Exact reproduction is required for the lines below starting at the line with "Photograph of a" and ending at the line with "強漢紅(左)和同事胡建萍將老人的輪椅放入后備箱并固定好準備出發(3月1日攝)。", both included. No other lines, and no pictures.

The data:
= = = = =
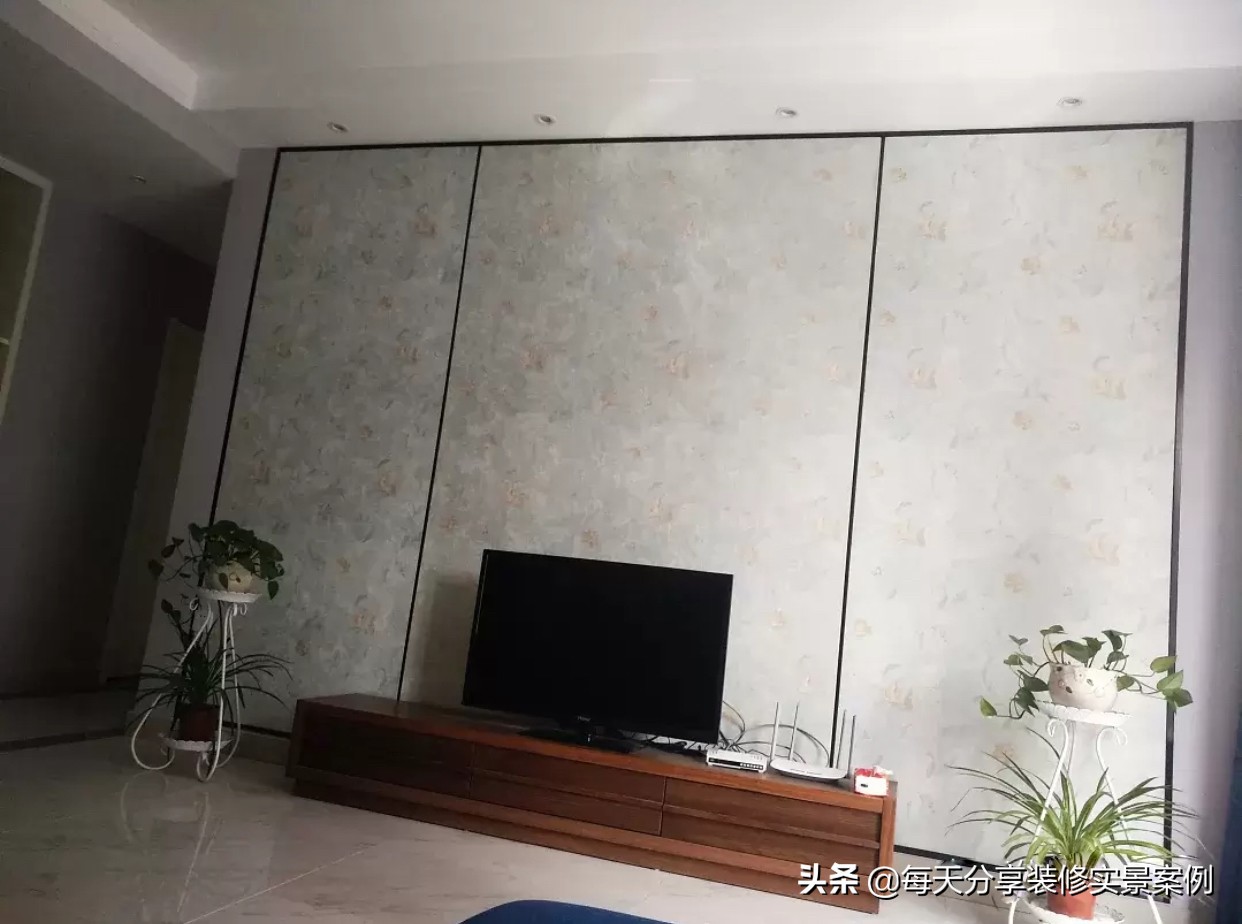 客廳電視背景牆貼牆布,沒有類似中式風格的感覺,貼了黑色線條做裝飾,顯得沒有那麼單調,而且不需要什麼造型,但是效果覺得還不錯,總比沒有電視牆那麼單調。電視櫃兩邊都擺放著綠植做裝飾。
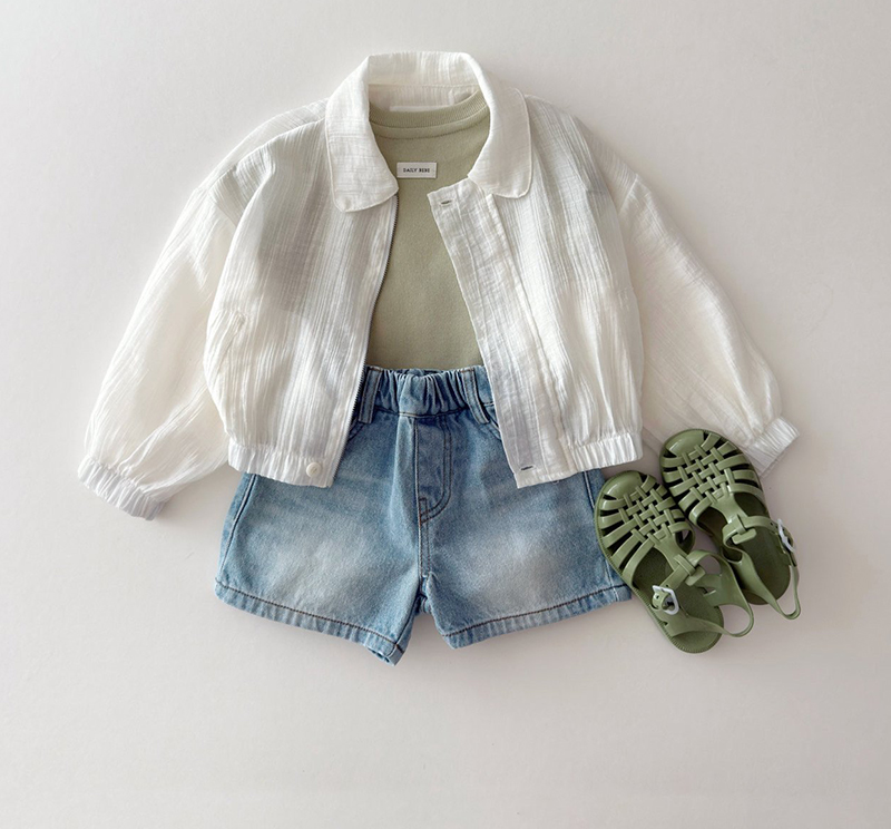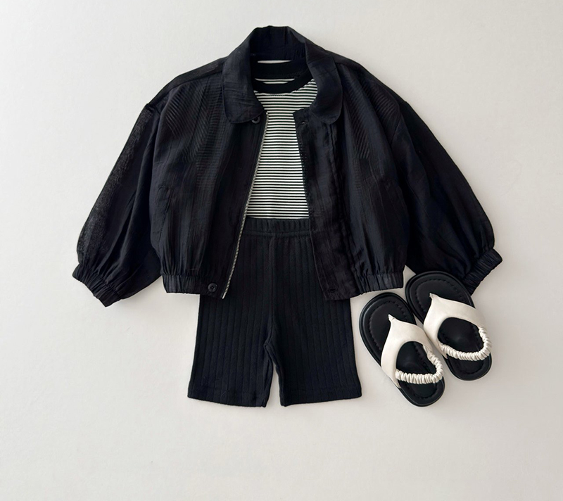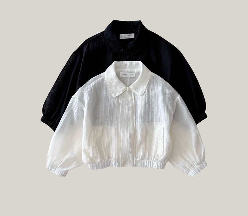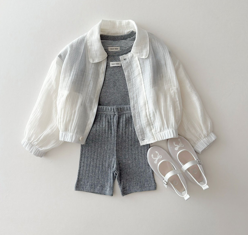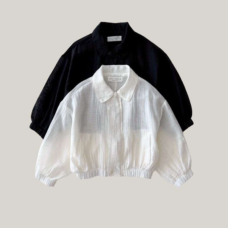 클래식한 느낌으로 깔끔한 핏이 이쁜 키즈 시스루 썸머자켓이예요.
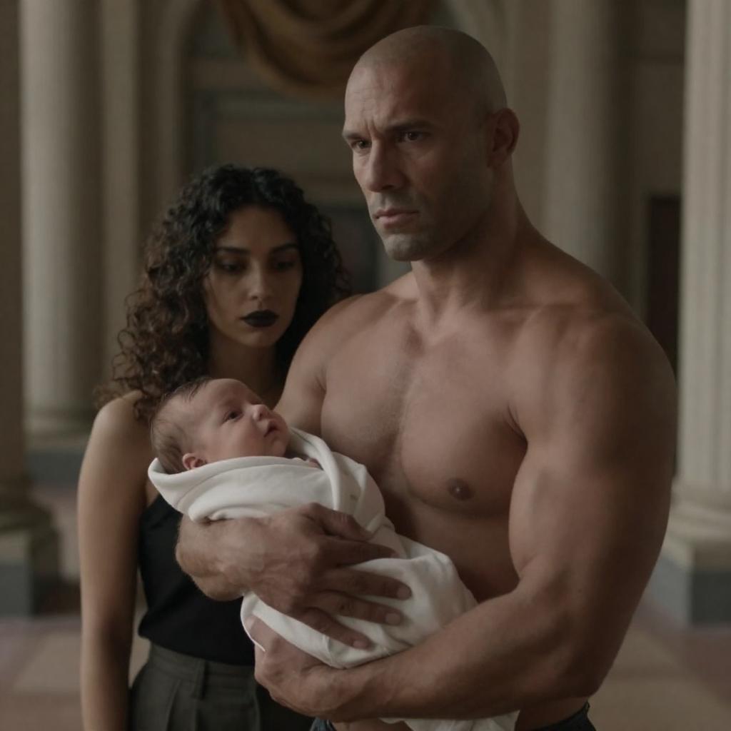 Photograph of a bald, muscular man with a serious expression, holding a swaddled baby in his arms. A woman with long curly hair and dark lipstick stands closely beside him, looking somber. They are in a dimly lit, grand hall with tall columns and draped curtains in the background.
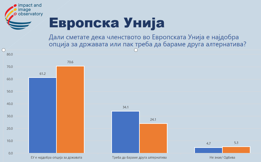 Наспроти ваквиот став, има значајно зголемување на процентот на граѓаните што сметаат дека ЕУ е најдобрата алтернатива за државата – односно од 61,2 отсто во мај годинава на 70,6 отсто сега.
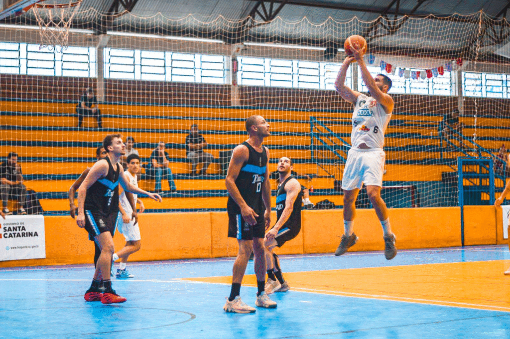A equipe de Brusque do basquete masculino entrou em quadra, na estreia da modalidade, vencendo com facilidade a equipe de Tubarão, com placar de 106 a 59. O time controlou o jogo de início ao fim, com destaque para o atleta Samuel (20), que acertou várias cestas de 3 pontos.
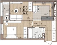 1 -комнатная 52.5 м2 Уточнить стоимость
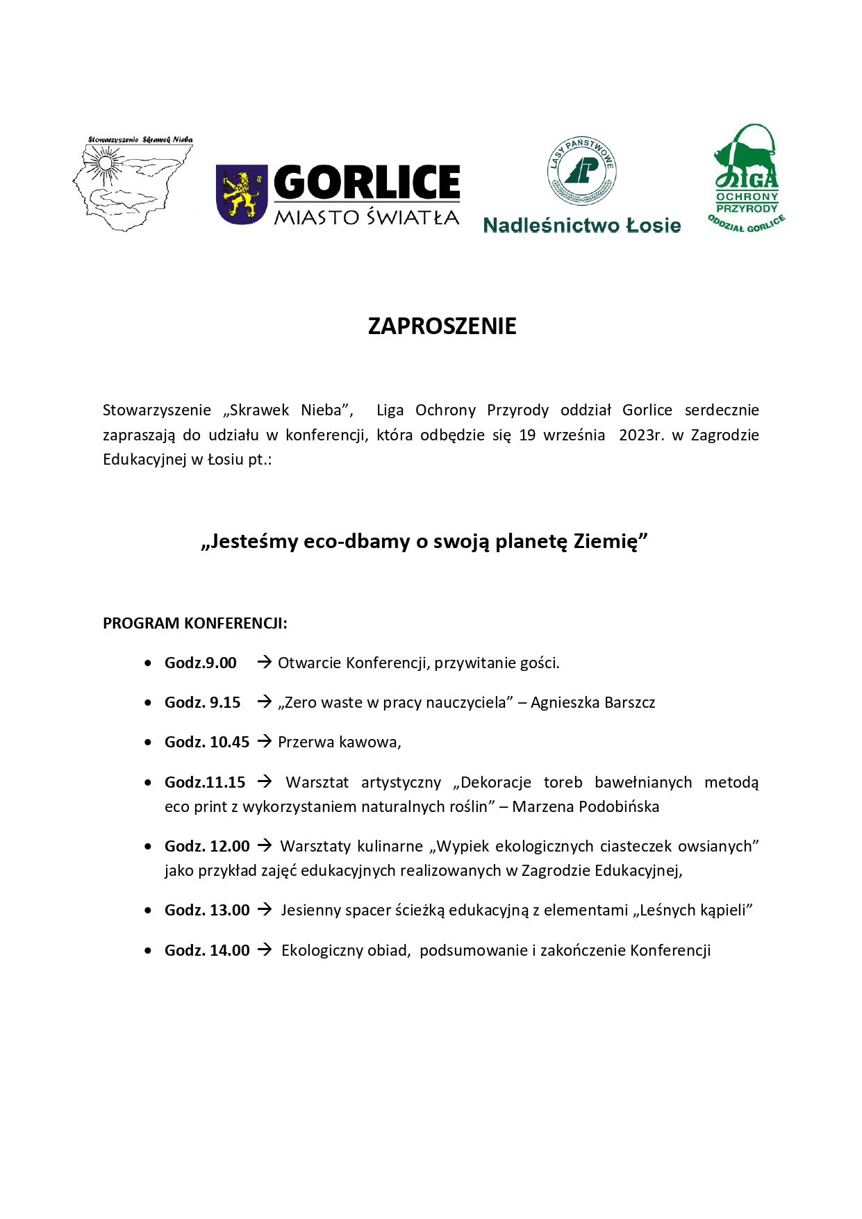Aktualności Zaproszenie na konferencję „Jesteśmy eco-dbamy o swoją planetę Ziemię” 13 września 2023 LOP
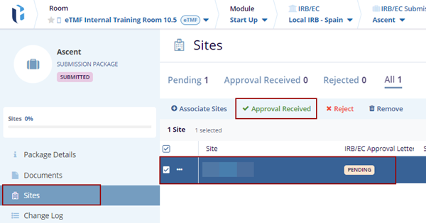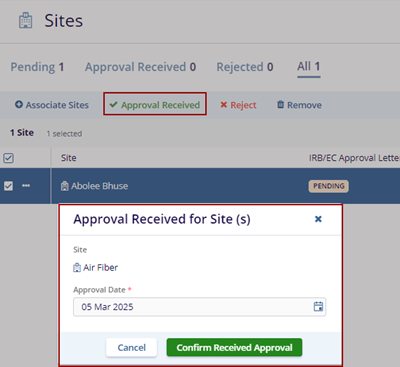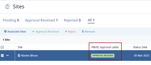 - Click the Confirm Received Approval button to confirm the approval. The IRB/EC Approval Letter column displays the Approval Received status for the selected site.
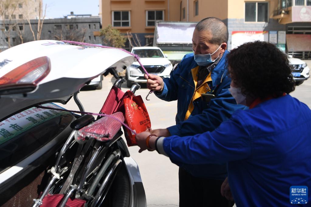 強漢紅(左)和同事胡建萍將老人的輪椅放入后備箱并固定好準備出發(3月1日攝)。
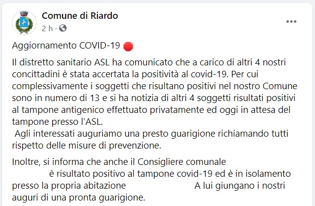 Questo quanto apprendiamo dalla pagina facebook del Comune di Riardo: "Aggiornamento COVID-19 Il distretto sanitario ASL ha comunicato che a carico di altri 4 nostri concittadini è stata accertata la positività al covid-19. Per cui complessivamente - si legge nella nota - i soggetti che risultano positivi nel nostro Comune sono in numero di 13 e si ha notizia di altri 4 soggetti risultati positivi al tampone antigenico effettuato privatamente ed oggi in attesa del tampone presso l’ASL. Agli interessati auguriamo una presto guarigione richiamando tutti rispetto delle misure di prevenzione. Inoltre, si informa che anche il Consigliere comunale ... è risultato positivo al tampone covid-19 - si legge nella nota - ed è in isolamento presso la propria abitazione ... . A lui giungano i nostri auguri di una pronta guarigione."
= = = = =
Response:
 Photograph of a bald, muscular man with a serious expression, holding a swaddled baby in his arms. A woman with long curly hair and dark lipstick stands closely beside him, looking somber. They are in a dimly lit, grand hall with tall columns and draped curtains in the background.
 Наспроти ваквиот став, има значајно зголемување на процентот на граѓаните што сметаат дека ЕУ е најдобрата алтернатива за државата – односно од 61,2 отсто во мај годинава на 70,6 отсто сега.
A equipe de Brusque do basquete masculino entrou em quadra, na estreia da modalidade, vencendo com facilidade a equipe de Tubarão, com placar de 106 a 59. O time controlou o jogo de início ao fim, com destaque para o atleta Samuel (20), que acertou várias cestas de 3 pontos.
 1 -комнатная 52.5 м2 Уточнить стоимость
Aktualności Zaproszenie na konferencję „Jesteśmy eco-dbamy o swoją planetę Ziemię” 13 września 2023 LOP
 - Click the Confirm Received Approval button to confirm the approval. The IRB/EC Approval Letter column displays the Approval Received status for the selected site.
 強漢紅(左)和同事胡建萍將老人的輪椅放入后備箱并固定好準備出發(3月1日攝)。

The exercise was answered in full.